# Picture-Poster Virgin - FOTD Catch-up! *image heavy*



## Andrya (Jan 16, 2008)

Hey guys and dolls.  I'm Andrya (joytoykid); I post on mac_cosmetics and eyeshadowsluts on LiveJournal.  Haven't posted any FOTDs in here, though I've been on Specktra for ages!  Therefore, I give you a bunch of photos.  :]  Most recent to oldest.















































#1
Benefit Moonbeam
Urban Decay Heat
L'Oreal HIP Tenacious
Rebel red
unknown burnished orange/brick shadow
NYC champagne shadow
NARS Fire Down Below lipstick
nails:  Sinful Colors Rich in Heart; Maybelline Red Comet









































#2
L'Oreal HIP Exquisite
L'Oreal HIP Tenacious
L'Oreal HIP Mischief
L'Oreal HIP Flare
Burt's Bees Coffee lipstick
L'Oreal Rouge Pulp gold lipgloss
nails:  Rimmel Dazzle; Covergirl Gold Rush (why, yes...I love nailpolish )































#3
Rebel Red
L'Oreal Savage Sienna
white face paint
NYC brown shadow
NYC champagne shadow (both from Toast of the Town trio)
MAC Blankety lipstick
Mary Kay Raisin lipgloss
















#4
Wet 'N Wild black liquid liner
L'Oreal HIP Saucy (brown side)
NYC brown
Covergirl Snow Princess
L'Oreal British Red





















#5
L'Oreal HIP Saucy (orange side)
Covergirl Aqua Paradise
Mary Kay Raisin lipgloss
















#6
L'Oreal HIP Flamboyant (yellow side)
Bon Bons yellow pigment
Wet 'N Wild turquoise liquid liner
L'Oreal dark blue shadow
Choco Lips lipgloss (Raspberry, I think...)









































#7
MAC Humid
L'Oreal HIP Dynamic
Revlon Skinlights in Natural Light
Burt's Bees Papaya
Choco Lips











#8
Revlon Skinlights in Natural Light
L'Oreal Saucy (brown side)
NYC brown
Burt's Bees Raisin
















#9
Ben Nye Cosmic Blue
Ben Nye Azalea
pink blush and clear gloss on lips

Whew!  Maybe once I start posting here more often I won't have to make giant posts like this, eh?  ;]  Anyhow, I've posted, whoo!


----------



## nikki (Jan 16, 2008)

Wow, all of them are great, but my favs are #3, 4, and 7!!!


----------



## Margolicious (Jan 16, 2008)

You should post more often!

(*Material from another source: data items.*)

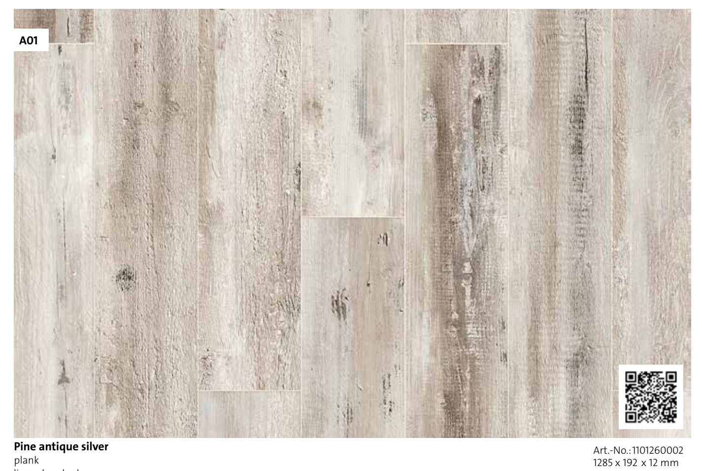
Pine antique silver plank linear brushed matt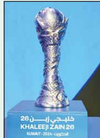
The Khaleeji Zain 26 Cup.

Zain Group recently announced its role as the Title Partner of the tournament, now branded as Khaleeji Zain 26 for the second consecutive time. Kuwait will host this historic sporting event for the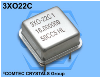
Crystal Clock Oscillator 3XO-22C5.0 DIL 8 5.0V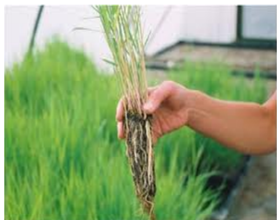
Figure-5. Reed plants ( Phragmites communis ).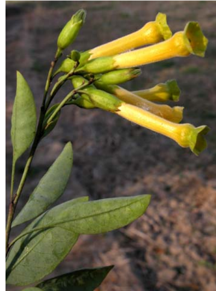
Nicotiana glauca Tree Tobacco Introduced Perennial Solanaceae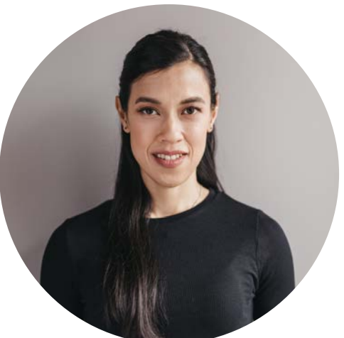
Closing Remarks by YBhg. Datuk Nicol Ann David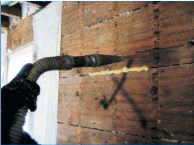
Insulation blown into wall cavities

with 1338 sf of retrofitted insulated wall area is $2,900.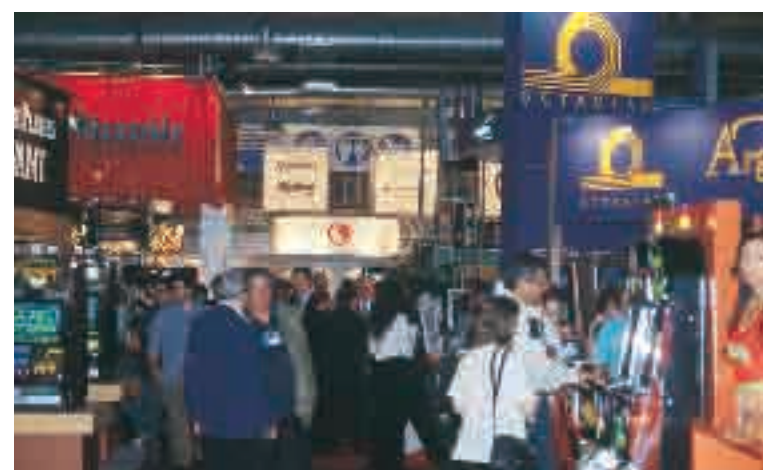
Atmosphere at the show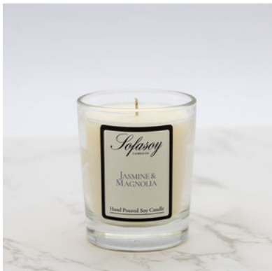
(S073) SCENT - JASMINE & MAGNOLIA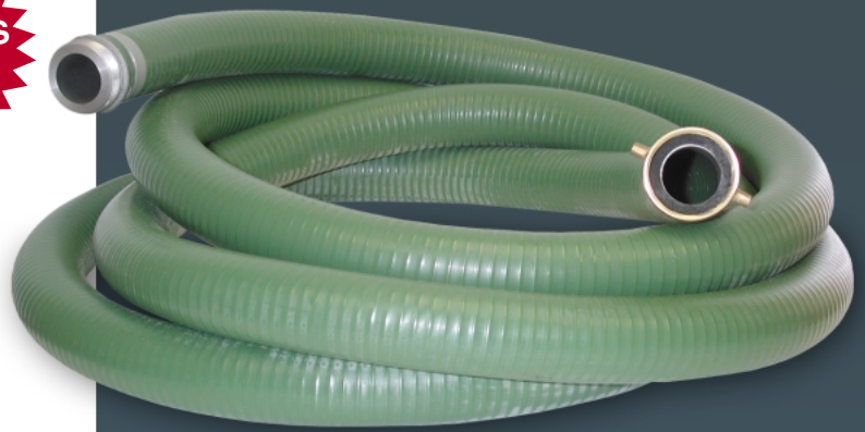
PVC Reinforced Suction Hose

Your different are incredible. I really like the last one-the colors are great. I also love your nails, the colors and the shape. 
	

	
	
		
		

		
		
	


	




Wow, great job!


----------



## pyxystixx (Jan 16, 2008)

Every color looks great on you!  Question: How do you like the Benefit Moonbeam?


----------



## nunu (Jan 16, 2008)

oh my god you are gorgeous!!!! i love your eyes!!!


----------



## woopsydaissy (Jan 16, 2008)

You are just too cute! And I love that you posted pics of your nails. ^_^
I'm REALLY impressed. You got talent girl.


----------



## MACATTAK (Jan 16, 2008)

You have some great looks!  You are very pretty!


----------



## GlamYOURUs (Jan 16, 2008)

Wow you're beautiful and I love all the looks. Very talented =)


----------



## CellyCell (Jan 16, 2008)

Wow. I love your skin... what do you use for your face?


----------



## persephonewillo (Jan 16, 2008)

beautiful!!!!!  i love all the looks, but am really drawn to the green and gold one!  marvelous!


----------



## puncturedskirt (Jan 16, 2008)

Very pretty!


----------



## Andrya (Jan 16, 2008)

THANK YOU everybody for the comments!  I'm very flattered; you're all so sweet here.  :]

 Quote:

   Originally Posted by *pyxystixx* 

 
_Every color looks great on you!  Question: How do you like the Benefit Moonbeam?_

 
It's a very subtle glow.  Maybe it would show up more on darker skin tones, but I love it nonetheless!  It's a "golden apricot" sheen.  It's so pretty, but even when I pack it on it's still quite subtle.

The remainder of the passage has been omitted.